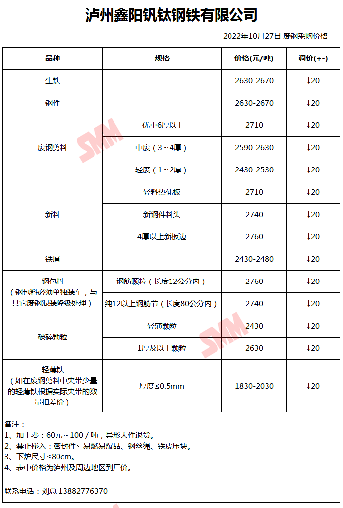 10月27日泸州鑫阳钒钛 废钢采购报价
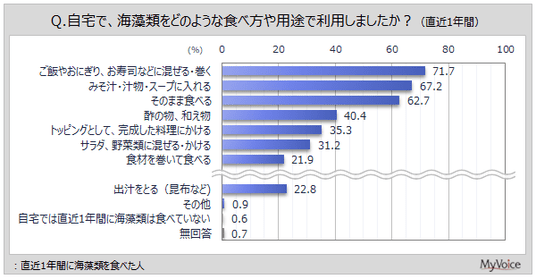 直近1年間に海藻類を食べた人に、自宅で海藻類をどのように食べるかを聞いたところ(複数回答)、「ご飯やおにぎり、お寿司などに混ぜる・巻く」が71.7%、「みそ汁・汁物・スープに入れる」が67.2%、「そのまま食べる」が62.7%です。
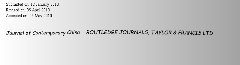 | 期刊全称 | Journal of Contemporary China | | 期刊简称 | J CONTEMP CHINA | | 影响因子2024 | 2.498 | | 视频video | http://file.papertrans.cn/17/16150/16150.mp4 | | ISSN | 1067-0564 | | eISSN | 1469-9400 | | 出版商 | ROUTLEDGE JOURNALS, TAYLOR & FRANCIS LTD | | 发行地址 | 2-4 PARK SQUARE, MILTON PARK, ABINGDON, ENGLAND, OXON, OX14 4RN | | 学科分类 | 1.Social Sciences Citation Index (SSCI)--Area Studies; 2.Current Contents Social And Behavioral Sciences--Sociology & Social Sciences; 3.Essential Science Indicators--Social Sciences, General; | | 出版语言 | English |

Requirement. From the first line to the last, retype the data above exactly, but not its images.

Answer box.
 10月27日泸州鑫阳钒钛 废钢采购报价
 直近1年間に海藻類を食べた人に、自宅で海藻類をどのように食べるかを聞いたところ(複数回答)、「ご飯やおにぎり、お寿司などに混ぜる・巻く」が71.7%、「みそ汁・汁物・スープに入れる」が67.2%、「そのまま食べる」が62.7%です。
 | 期刊全称 | Journal of Contemporary China | | 期刊简称 | J CONTEMP CHINA | | 影响因子2024 | 2.498 | | 视频video | http://file.papertrans.cn/17/16150/16150.mp4 | | ISSN | 1067-0564 | | eISSN | 1469-9400 | | 出版商 | ROUTLEDGE JOURNALS, TAYLOR & FRANCIS LTD | | 发行地址 | 2-4 PARK SQUARE, MILTON PARK, ABINGDON, ENGLAND, OXON, OX14 4RN | | 学科分类 | 1.Social Sciences Citation Index (SSCI)--Area Studies; 2.Current Contents Social And Behavioral Sciences--Sociology & Social Sciences; 3.Essential Science Indicators--Social Sciences, General; | | 出版语言 | English |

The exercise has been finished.